===== Material for this task

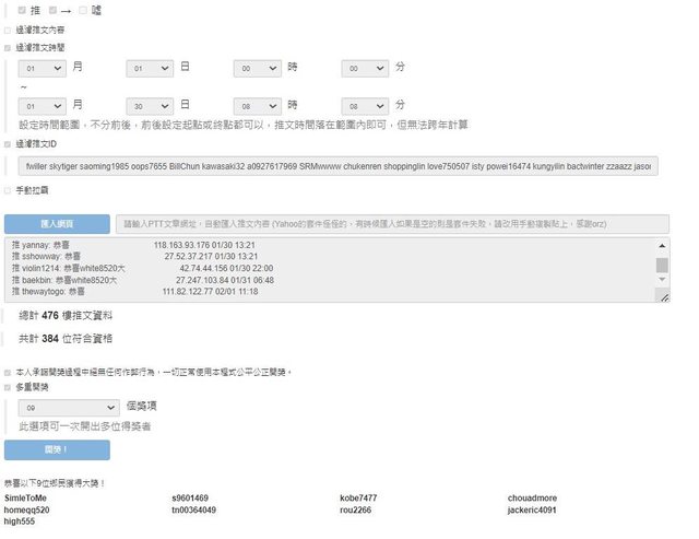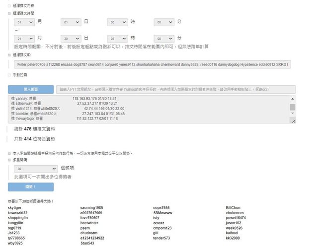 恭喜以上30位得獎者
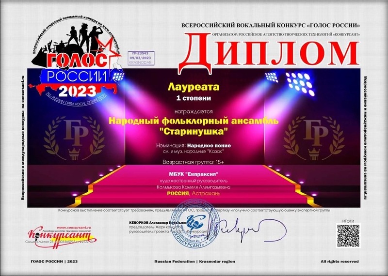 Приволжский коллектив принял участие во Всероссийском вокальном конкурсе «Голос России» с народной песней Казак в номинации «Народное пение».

==========
===== Material for this task

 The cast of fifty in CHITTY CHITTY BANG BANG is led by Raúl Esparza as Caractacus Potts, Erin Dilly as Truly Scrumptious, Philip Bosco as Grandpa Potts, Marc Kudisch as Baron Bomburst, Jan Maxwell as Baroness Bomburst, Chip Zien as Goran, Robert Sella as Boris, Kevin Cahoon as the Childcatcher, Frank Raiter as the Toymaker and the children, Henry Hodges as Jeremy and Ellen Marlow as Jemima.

==========
===== Material for this task

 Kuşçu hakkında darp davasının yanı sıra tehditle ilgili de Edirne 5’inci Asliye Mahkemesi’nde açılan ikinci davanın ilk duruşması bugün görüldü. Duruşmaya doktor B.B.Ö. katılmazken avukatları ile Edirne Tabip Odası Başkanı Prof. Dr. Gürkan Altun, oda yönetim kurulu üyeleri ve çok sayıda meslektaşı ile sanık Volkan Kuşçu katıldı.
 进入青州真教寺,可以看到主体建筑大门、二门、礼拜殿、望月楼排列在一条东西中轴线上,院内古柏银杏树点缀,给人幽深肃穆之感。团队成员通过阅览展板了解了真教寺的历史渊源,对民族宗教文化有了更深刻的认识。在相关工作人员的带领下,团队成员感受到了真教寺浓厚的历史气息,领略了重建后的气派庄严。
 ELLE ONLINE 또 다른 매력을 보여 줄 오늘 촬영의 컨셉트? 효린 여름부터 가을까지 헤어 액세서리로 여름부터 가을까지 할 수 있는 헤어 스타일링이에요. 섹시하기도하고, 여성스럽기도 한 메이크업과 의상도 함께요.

==========

### Aim of the task
Transcribe, exactly and without additions, the lines of the records above, beginning with the line that contains "Kuşçu hakkında darp" and ending with the line that contains "ELLE ONLINE 또", both included.

### Response to this task
 Kuşçu hakkında darp davasının yanı sıra tehditle ilgili de Edirne 5’inci Asliye Mahkemesi’nde açılan ikinci davanın ilk duruşması bugün görüldü. Duruşmaya doktor B.B.Ö. katılmazken avukatları ile Edirne Tabip Odası Başkanı Prof. Dr. Gürkan Altun, oda yönetim kurulu üyeleri ve çok sayıda meslektaşı ile sanık Volkan Kuşçu katıldı.
 进入青州真教寺,可以看到主体建筑大门、二门、礼拜殿、望月楼排列在一条东西中轴线上,院内古柏银杏树点缀,给人幽深肃穆之感。团队成员通过阅览展板了解了真教寺的历史渊源,对民族宗教文化有了更深刻的认识。在相关工作人员的带领下,团队成员感受到了真教寺浓厚的历史气息,领略了重建后的气派庄严。
 ELLE ONLINE 또 다른 매력을 보여 줄 오늘 촬영의 컨셉트? 효린 여름부터 가을까지 헤어 액세서리로 여름부터 가을까지 할 수 있는 헤어 스타일링이에요. 섹시하기도하고, 여성스럽기도 한 메이크업과 의상도 함께요.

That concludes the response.